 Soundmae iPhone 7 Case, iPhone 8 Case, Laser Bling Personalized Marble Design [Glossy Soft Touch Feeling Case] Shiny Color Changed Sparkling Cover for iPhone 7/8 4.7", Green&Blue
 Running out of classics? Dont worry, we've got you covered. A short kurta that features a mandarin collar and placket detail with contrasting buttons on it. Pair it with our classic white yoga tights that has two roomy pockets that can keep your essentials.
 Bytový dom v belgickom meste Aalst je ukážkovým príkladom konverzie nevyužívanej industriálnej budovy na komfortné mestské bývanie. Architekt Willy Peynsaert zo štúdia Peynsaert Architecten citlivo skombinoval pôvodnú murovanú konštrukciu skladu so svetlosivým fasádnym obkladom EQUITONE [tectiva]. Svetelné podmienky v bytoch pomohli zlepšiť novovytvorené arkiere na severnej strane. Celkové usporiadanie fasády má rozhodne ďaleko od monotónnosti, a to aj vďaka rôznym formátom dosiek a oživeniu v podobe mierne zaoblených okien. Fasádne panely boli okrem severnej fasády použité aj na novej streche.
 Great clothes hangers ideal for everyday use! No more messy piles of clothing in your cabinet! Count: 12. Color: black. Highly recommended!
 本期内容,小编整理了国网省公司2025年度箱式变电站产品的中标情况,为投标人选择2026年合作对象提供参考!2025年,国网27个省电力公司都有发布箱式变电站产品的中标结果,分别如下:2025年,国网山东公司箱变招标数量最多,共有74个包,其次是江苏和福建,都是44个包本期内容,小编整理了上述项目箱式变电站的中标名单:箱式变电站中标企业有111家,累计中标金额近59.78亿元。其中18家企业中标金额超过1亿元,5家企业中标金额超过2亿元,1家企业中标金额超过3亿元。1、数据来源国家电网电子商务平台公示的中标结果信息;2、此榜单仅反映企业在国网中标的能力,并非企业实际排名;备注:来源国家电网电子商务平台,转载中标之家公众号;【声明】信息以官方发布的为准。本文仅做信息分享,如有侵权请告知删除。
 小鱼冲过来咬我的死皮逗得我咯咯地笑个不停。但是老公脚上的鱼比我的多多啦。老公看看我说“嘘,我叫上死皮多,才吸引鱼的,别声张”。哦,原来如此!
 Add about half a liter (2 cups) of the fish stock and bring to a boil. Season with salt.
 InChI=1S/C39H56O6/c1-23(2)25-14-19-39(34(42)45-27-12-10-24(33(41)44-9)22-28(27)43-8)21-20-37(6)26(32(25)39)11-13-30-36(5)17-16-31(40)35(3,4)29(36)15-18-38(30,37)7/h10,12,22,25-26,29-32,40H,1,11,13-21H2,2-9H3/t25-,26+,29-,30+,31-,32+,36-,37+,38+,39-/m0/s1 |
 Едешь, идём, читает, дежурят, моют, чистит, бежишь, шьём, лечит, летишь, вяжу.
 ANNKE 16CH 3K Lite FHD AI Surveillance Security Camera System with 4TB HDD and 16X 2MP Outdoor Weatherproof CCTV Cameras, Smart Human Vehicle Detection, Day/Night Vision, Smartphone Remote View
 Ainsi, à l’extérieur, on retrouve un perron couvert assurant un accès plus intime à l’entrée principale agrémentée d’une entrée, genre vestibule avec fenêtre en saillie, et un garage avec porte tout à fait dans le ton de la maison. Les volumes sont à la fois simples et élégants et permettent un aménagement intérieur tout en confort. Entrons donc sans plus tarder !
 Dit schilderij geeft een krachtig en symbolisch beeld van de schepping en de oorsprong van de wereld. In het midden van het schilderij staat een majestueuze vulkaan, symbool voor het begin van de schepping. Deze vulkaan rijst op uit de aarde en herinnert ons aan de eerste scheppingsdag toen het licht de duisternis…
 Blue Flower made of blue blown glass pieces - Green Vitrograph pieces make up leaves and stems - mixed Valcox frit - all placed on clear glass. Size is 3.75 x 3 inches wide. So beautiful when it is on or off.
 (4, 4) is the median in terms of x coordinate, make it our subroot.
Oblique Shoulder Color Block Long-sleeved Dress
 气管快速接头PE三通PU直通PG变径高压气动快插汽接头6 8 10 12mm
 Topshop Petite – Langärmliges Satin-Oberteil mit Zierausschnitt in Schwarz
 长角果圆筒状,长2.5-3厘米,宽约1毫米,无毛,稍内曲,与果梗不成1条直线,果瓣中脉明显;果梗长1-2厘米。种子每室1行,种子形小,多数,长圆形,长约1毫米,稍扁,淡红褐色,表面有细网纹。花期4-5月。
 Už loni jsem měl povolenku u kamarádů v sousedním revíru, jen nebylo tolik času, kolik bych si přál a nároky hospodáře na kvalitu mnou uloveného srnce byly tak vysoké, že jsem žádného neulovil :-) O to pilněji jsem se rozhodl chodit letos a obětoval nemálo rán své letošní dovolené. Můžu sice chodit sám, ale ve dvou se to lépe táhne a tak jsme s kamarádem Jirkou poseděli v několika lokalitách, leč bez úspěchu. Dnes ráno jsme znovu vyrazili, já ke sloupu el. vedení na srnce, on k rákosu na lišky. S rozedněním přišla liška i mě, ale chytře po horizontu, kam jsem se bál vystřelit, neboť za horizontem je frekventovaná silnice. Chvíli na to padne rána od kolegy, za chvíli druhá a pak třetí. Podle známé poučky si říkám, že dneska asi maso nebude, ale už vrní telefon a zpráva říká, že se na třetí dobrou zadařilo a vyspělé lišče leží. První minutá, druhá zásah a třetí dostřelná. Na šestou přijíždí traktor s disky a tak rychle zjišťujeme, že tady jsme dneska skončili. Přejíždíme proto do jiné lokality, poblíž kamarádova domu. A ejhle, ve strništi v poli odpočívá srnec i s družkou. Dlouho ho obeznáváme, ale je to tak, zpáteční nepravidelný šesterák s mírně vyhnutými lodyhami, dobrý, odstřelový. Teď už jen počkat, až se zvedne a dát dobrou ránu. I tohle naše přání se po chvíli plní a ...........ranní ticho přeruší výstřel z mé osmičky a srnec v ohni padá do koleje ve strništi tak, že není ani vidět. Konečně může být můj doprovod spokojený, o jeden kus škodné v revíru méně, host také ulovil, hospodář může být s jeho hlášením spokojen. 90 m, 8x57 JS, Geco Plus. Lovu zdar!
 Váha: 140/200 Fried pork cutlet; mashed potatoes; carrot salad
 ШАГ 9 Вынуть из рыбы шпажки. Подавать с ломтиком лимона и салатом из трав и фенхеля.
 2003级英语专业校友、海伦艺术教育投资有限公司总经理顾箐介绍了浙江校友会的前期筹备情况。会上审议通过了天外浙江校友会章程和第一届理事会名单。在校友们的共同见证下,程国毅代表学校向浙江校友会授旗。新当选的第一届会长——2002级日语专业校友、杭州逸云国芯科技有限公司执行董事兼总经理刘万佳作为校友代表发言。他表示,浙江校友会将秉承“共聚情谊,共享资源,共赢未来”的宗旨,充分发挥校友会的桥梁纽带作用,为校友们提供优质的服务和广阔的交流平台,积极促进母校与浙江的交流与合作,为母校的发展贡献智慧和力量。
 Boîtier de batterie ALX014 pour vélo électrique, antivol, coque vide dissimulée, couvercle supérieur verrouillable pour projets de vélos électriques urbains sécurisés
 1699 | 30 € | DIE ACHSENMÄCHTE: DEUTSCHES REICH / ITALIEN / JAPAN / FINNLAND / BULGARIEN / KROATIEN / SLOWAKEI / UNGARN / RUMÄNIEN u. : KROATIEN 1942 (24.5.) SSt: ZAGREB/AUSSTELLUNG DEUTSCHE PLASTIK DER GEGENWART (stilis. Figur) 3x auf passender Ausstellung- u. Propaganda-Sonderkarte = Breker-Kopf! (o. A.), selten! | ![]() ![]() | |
* * *
• [To do]
The material above must be written out again in full, exactly.

• [Written reply]
 Soundmae iPhone 7 Case, iPhone 8 Case, Laser Bling Personalized Marble Design [Glossy Soft Touch Feeling Case] Shiny Color Changed Sparkling Cover for iPhone 7/8 4.7", Green&Blue
 Running out of classics? Dont worry, we've got you covered. A short kurta that features a mandarin collar and placket detail with contrasting buttons on it. Pair it with our classic white yoga tights that has two roomy pockets that can keep your essentials.
 Bytový dom v belgickom meste Aalst je ukážkovým príkladom konverzie nevyužívanej industriálnej budovy na komfortné mestské bývanie. Architekt Willy Peynsaert zo štúdia Peynsaert Architecten citlivo skombinoval pôvodnú murovanú konštrukciu skladu so svetlosivým fasádnym obkladom EQUITONE [tectiva]. Svetelné podmienky v bytoch pomohli zlepšiť novovytvorené arkiere na severnej strane. Celkové usporiadanie fasády má rozhodne ďaleko od monotónnosti, a to aj vďaka rôznym formátom dosiek a oživeniu v podobe mierne zaoblených okien. Fasádne panely boli okrem severnej fasády použité aj na novej streche.
 Great clothes hangers ideal for everyday use! No more messy piles of clothing in your cabinet! Count: 12. Color: black. Highly recommended!
 本期内容,小编整理了国网省公司2025年度箱式变电站产品的中标情况,为投标人选择2026年合作对象提供参考!2025年,国网27个省电力公司都有发布箱式变电站产品的中标结果,分别如下:2025年,国网山东公司箱变招标数量最多,共有74个包,其次是江苏和福建,都是44个包本期内容,小编整理了上述项目箱式变电站的中标名单:箱式变电站中标企业有111家,累计中标金额近59.78亿元。其中18家企业中标金额超过1亿元,5家企业中标金额超过2亿元,1家企业中标金额超过3亿元。1、数据来源国家电网电子商务平台公示的中标结果信息;2、此榜单仅反映企业在国网中标的能力,并非企业实际排名;备注:来源国家电网电子商务平台,转载中标之家公众号;【声明】信息以官方发布的为准。本文仅做信息分享,如有侵权请告知删除。
 小鱼冲过来咬我的死皮逗得我咯咯地笑个不停。但是老公脚上的鱼比我的多多啦。老公看看我说“嘘,我叫上死皮多,才吸引鱼的,别声张”。哦,原来如此!
 Add about half a liter (2 cups) of the fish stock and bring to a boil. Season with salt.
 InChI=1S/C39H56O6/c1-23(2)25-14-19-39(34(42)45-27-12-10-24(33(41)44-9)22-28(27)43-8)21-20-37(6)26(32(25)39)11-13-30-36(5)17-16-31(40)35(3,4)29(36)15-18-38(30,37)7/h10,12,22,25-26,29-32,40H,1,11,13-21H2,2-9H3/t25-,26+,29-,30+,31-,32+,36-,37+,38+,39-/m0/s1 |
 Едешь, идём, читает, дежурят, моют, чистит, бежишь, шьём, лечит, летишь, вяжу.
 ANNKE 16CH 3K Lite FHD AI Surveillance Security Camera System with 4TB HDD and 16X 2MP Outdoor Weatherproof CCTV Cameras, Smart Human Vehicle Detection, Day/Night Vision, Smartphone Remote View
 Ainsi, à l’extérieur, on retrouve un perron couvert assurant un accès plus intime à l’entrée principale agrémentée d’une entrée, genre vestibule avec fenêtre en saillie, et un garage avec porte tout à fait dans le ton de la maison. Les volumes sont à la fois simples et élégants et permettent un aménagement intérieur tout en confort. Entrons donc sans plus tarder !
 Dit schilderij geeft een krachtig en symbolisch beeld van de schepping en de oorsprong van de wereld. In het midden van het schilderij staat een majestueuze vulkaan, symbool voor het begin van de schepping. Deze vulkaan rijst op uit de aarde en herinnert ons aan de eerste scheppingsdag toen het licht de duisternis…
 Blue Flower made of blue blown glass pieces - Green Vitrograph pieces make up leaves and stems - mixed Valcox frit - all placed on clear glass. Size is 3.75 x 3 inches wide. So beautiful when it is on or off.
 (4, 4) is the median in terms of x coordinate, make it our subroot.
Oblique Shoulder Color Block Long-sleeved Dress
 气管快速接头PE三通PU直通PG变径高压气动快插汽接头6 8 10 12mm
 Topshop Petite – Langärmliges Satin-Oberteil mit Zierausschnitt in Schwarz
 长角果圆筒状,长2.5-3厘米,宽约1毫米,无毛,稍内曲,与果梗不成1条直线,果瓣中脉明显;果梗长1-2厘米。种子每室1行,种子形小,多数,长圆形,长约1毫米,稍扁,淡红褐色,表面有细网纹。花期4-5月。
 Už loni jsem měl povolenku u kamarádů v sousedním revíru, jen nebylo tolik času, kolik bych si přál a nároky hospodáře na kvalitu mnou uloveného srnce byly tak vysoké, že jsem žádného neulovil :-) O to pilněji jsem se rozhodl chodit letos a obětoval nemálo rán své letošní dovolené. Můžu sice chodit sám, ale ve dvou se to lépe táhne a tak jsme s kamarádem Jirkou poseděli v několika lokalitách, leč bez úspěchu. Dnes ráno jsme znovu vyrazili, já ke sloupu el. vedení na srnce, on k rákosu na lišky. S rozedněním přišla liška i mě, ale chytře po horizontu, kam jsem se bál vystřelit, neboť za horizontem je frekventovaná silnice. Chvíli na to padne rána od kolegy, za chvíli druhá a pak třetí. Podle známé poučky si říkám, že dneska asi maso nebude, ale už vrní telefon a zpráva říká, že se na třetí dobrou zadařilo a vyspělé lišče leží. První minutá, druhá zásah a třetí dostřelná. Na šestou přijíždí traktor s disky a tak rychle zjišťujeme, že tady jsme dneska skončili. Přejíždíme proto do jiné lokality, poblíž kamarádova domu. A ejhle, ve strništi v poli odpočívá srnec i s družkou. Dlouho ho obeznáváme, ale je to tak, zpáteční nepravidelný šesterák s mírně vyhnutými lodyhami, dobrý, odstřelový. Teď už jen počkat, až se zvedne a dát dobrou ránu. I tohle naše přání se po chvíli plní a ...........ranní ticho přeruší výstřel z mé osmičky a srnec v ohni padá do koleje ve strništi tak, že není ani vidět. Konečně může být můj doprovod spokojený, o jeden kus škodné v revíru méně, host také ulovil, hospodář může být s jeho hlášením spokojen. 90 m, 8x57 JS, Geco Plus. Lovu zdar!
 Váha: 140/200 Fried pork cutlet; mashed potatoes; carrot salad
 ШАГ 9 Вынуть из рыбы шпажки. Подавать с ломтиком лимона и салатом из трав и фенхеля.
 2003级英语专业校友、海伦艺术教育投资有限公司总经理顾箐介绍了浙江校友会的前期筹备情况。会上审议通过了天外浙江校友会章程和第一届理事会名单。在校友们的共同见证下,程国毅代表学校向浙江校友会授旗。新当选的第一届会长——2002级日语专业校友、杭州逸云国芯科技有限公司执行董事兼总经理刘万佳作为校友代表发言。他表示,浙江校友会将秉承“共聚情谊,共享资源,共赢未来”的宗旨,充分发挥校友会的桥梁纽带作用,为校友们提供优质的服务和广阔的交流平台,积极促进母校与浙江的交流与合作,为母校的发展贡献智慧和力量。
 Boîtier de batterie ALX014 pour vélo électrique, antivol, coque vide dissimulée, couvercle supérieur verrouillable pour projets de vélos électriques urbains sécurisés
 1699 | 30 € | DIE ACHSENMÄCHTE: DEUTSCHES REICH / ITALIEN / JAPAN / FINNLAND / BULGARIEN / KROATIEN / SLOWAKEI / UNGARN / RUMÄNIEN u. : KROATIEN 1942 (24.5.) SSt: ZAGREB/AUSSTELLUNG DEUTSCHE PLASTIK DER GEGENWART (stilis. Figur) 3x auf passender Ausstellung- u. Propaganda-Sonderkarte = Breker-Kopf! (o. A.), selten! | ![]() ![]() | |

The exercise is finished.